Assignment:
Please return, exactly and only, the lines beginning at the top of the entries below and ending with the line containing "同素材パンツ【21O1061"; keep out the pictures.

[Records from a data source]
■ ■ ■ ■

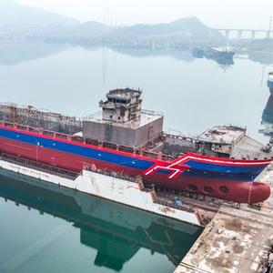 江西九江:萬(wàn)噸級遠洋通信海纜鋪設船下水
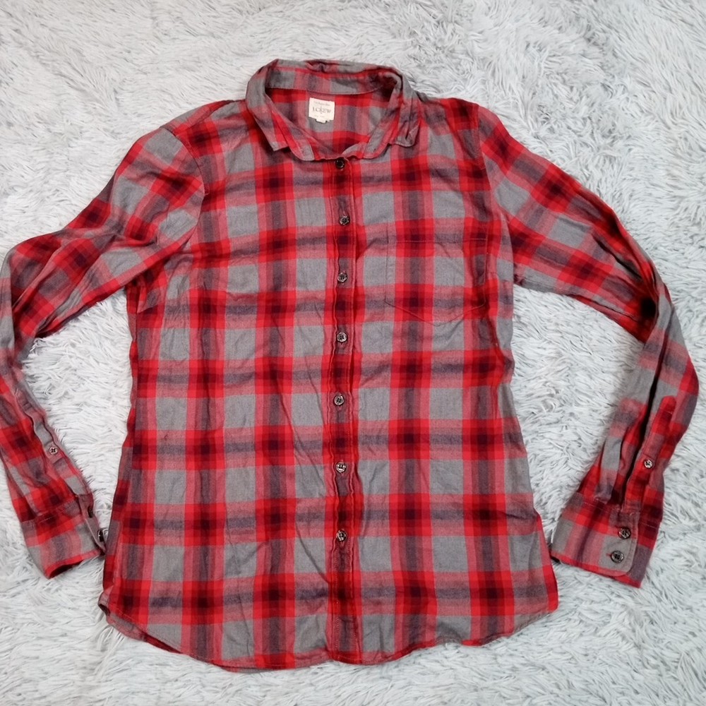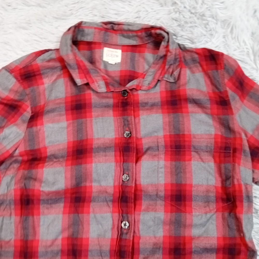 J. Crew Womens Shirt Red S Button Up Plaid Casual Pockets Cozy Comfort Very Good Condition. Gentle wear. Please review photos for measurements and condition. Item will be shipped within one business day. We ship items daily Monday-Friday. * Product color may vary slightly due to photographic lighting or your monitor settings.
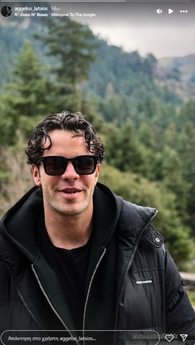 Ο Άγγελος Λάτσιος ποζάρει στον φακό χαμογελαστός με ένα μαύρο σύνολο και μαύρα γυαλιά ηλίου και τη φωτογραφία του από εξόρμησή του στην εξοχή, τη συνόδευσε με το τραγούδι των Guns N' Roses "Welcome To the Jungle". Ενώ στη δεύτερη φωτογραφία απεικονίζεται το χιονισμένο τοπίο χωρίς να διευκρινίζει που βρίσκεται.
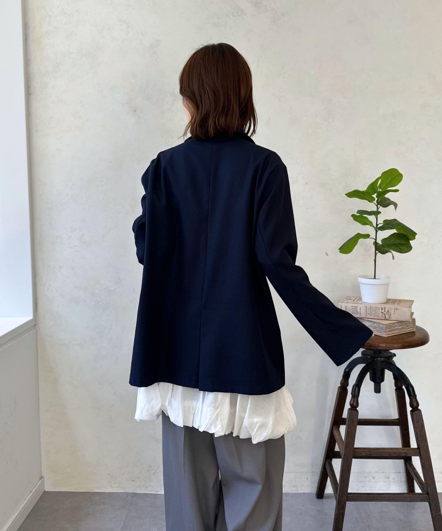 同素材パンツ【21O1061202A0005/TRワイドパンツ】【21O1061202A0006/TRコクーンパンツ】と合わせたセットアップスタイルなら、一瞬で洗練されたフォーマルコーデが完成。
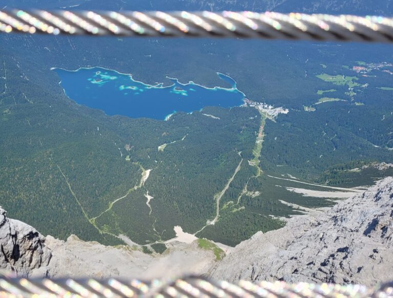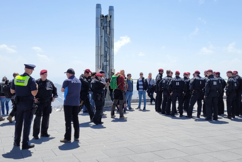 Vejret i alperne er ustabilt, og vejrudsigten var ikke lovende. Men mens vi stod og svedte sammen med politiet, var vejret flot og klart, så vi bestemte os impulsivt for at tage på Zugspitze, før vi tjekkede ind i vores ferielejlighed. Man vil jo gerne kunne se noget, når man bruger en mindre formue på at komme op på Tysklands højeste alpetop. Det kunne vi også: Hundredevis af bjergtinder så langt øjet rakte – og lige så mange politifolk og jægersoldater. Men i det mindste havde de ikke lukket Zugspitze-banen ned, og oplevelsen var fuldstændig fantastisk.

■ ■ ■ ■

Reply to the exercise:
 江西九江:萬(wàn)噸級遠洋通信海纜鋪設船下水
 J. Crew Womens Shirt Red S Button Up Plaid Casual Pockets Cozy Comfort Very Good Condition. Gentle wear. Please review photos for measurements and condition. Item will be shipped within one business day. We ship items daily Monday-Friday. * Product color may vary slightly due to photographic lighting or your monitor settings.
 Ο Άγγελος Λάτσιος ποζάρει στον φακό χαμογελαστός με ένα μαύρο σύνολο και μαύρα γυαλιά ηλίου και τη φωτογραφία του από εξόρμησή του στην εξοχή, τη συνόδευσε με το τραγούδι των Guns N' Roses "Welcome To the Jungle". Ενώ στη δεύτερη φωτογραφία απεικονίζεται το χιονισμένο τοπίο χωρίς να διευκρινίζει που βρίσκεται.
 同素材パンツ【21O1061202A0005/TRワイドパンツ】【21O1061202A0006/TRコクーンパンツ】と合わせたセットアップスタイルなら、一瞬で洗練されたフォーマルコーデが完成。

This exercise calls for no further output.